To make the meatballs:

  1. In a large bowl, combine ground chicken, Parmesan cheese, egg, 1 tablespoon minced garlic, breadcrumbs, 2 tablespoons chopped parsley, and 1 teaspoon salt. Mix well.
  2. Form the mixture into about 16 meatballs.
  3. Place the meatballs on a parchment paper-lined baking sheet.
  4. Bake in a preheated 400°F (200°C) oven for 10-12 minutes or until cooked through.

To make the sauce:

  1. Melt butter in a large skillet over medium heat.
  2. Add mushrooms and cook until soft and tender, about 5 minutes.
  3. Add chopped shallots and remaining garlic; cook 2-3 minutes until the pan is mostly dry. Turn off heat.
  4. Sprinkle flour over the mushroom mixture and stir to coat.
  5. Slowly whisk in chicken broth to avoid lumps.
  6. Return heat to medium-low and bring sauce to a slow simmer.
  7. Stir in white grape juice or additional chicken broth and season with remaining salt and pepper if desired.
  8. Add baked meatballs to the sauce and heat through.

Servings and timing

  • Servings: 4
  • Prep time: 15 minutes
  • Cook time: 15 minutes
  • Total time: 30 minutes

Variations

  • Substitute ground turkey for chicken for a slightly different flavor.
  • Add fresh thyme or rosemary to the meatball mixture for an herby twist.
  • Use cremini or baby bella mushrooms instead of white mushrooms for a deeper mushroom flavor.
  • Serve over pasta, polenta, or mashed potatoes to make it a complete meal.
  • For a richer sauce, stir in a splash of heavy cream at the end.

Storage/Reheating

Store leftover meatballs and sauce in an airtight container in the refrigerator for up to 3 days. Reheat gently on the stovetop over low heat or microwave until warmed through. Avoid overheating to prevent drying out the meatballs.

FAQs

Can I make the meatballs ahead of time?

Yes, you can prepare and bake the meatballs a day ahead and refrigerate them. Reheat in the sauce before serving.

What if I don’t have the suggested liquid?

You can substitute with additional chicken broth or white grape juice.

Can I cook the meatballs on the stovetop instead of baking?
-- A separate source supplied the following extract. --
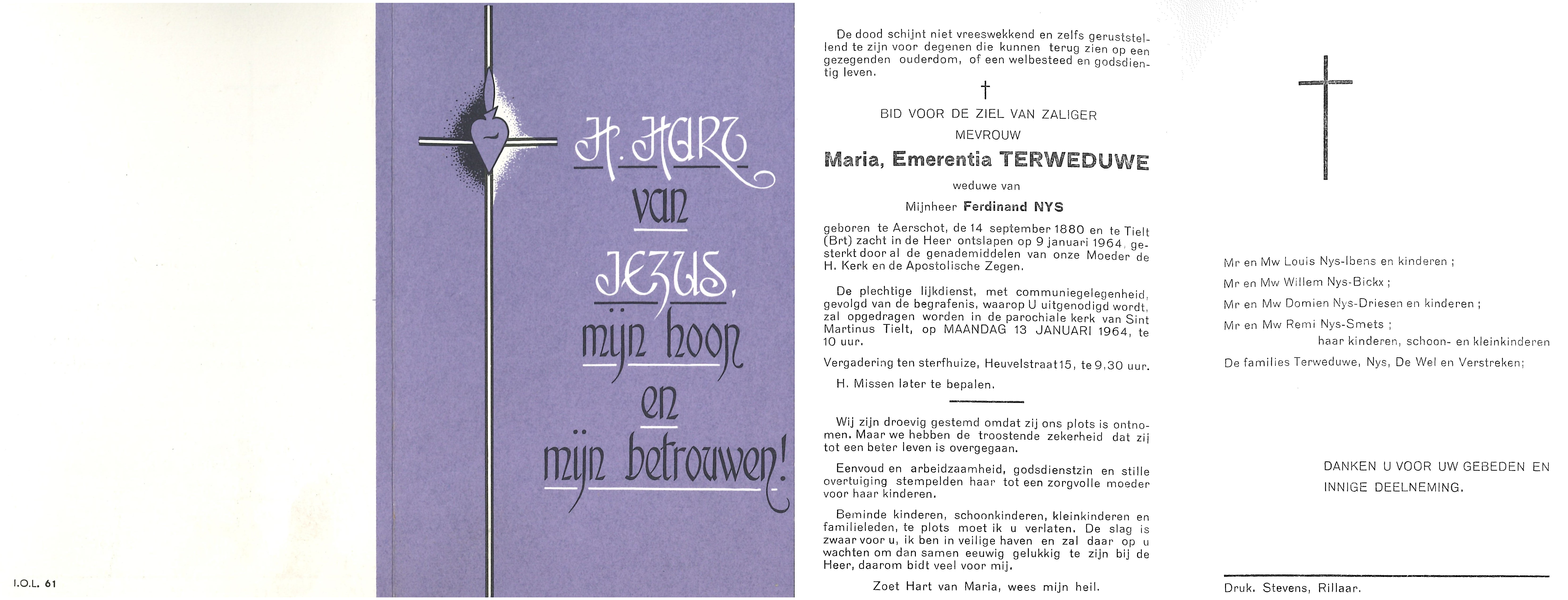 Doodsprentje Maria Terweduwel 1964

Yes, you can brown them in a skillet with oil before simmering in the sauce.

Is this recipe gluten-free?

Not as is, because of the breadcrumbs and flour. Use gluten-free breadcrumbs and a gluten-free flour alternative to make it gluten-free.

Can I freeze leftovers?

Yes, store in a freezer-safe container and freeze for up to 2 months. Thaw overnight and reheat gently.

How can I make the sauce thicker?

Cook the sauce a little longer to reduce it or add an extra tablespoon of flour mixed in a small amount of broth.

Can I use fresh herbs instead of parsley?

Yes, fresh basil or oregano can be used for a different flavor profile.

What is the best way to form uniform meatballs?

Use a small ice cream scoop or spoon to portion the meat mixture evenly before rolling.

How do I prevent meatballs from falling apart?

Don’t overmix the meat mixture and use an egg and breadcrumbs to bind the ingredients.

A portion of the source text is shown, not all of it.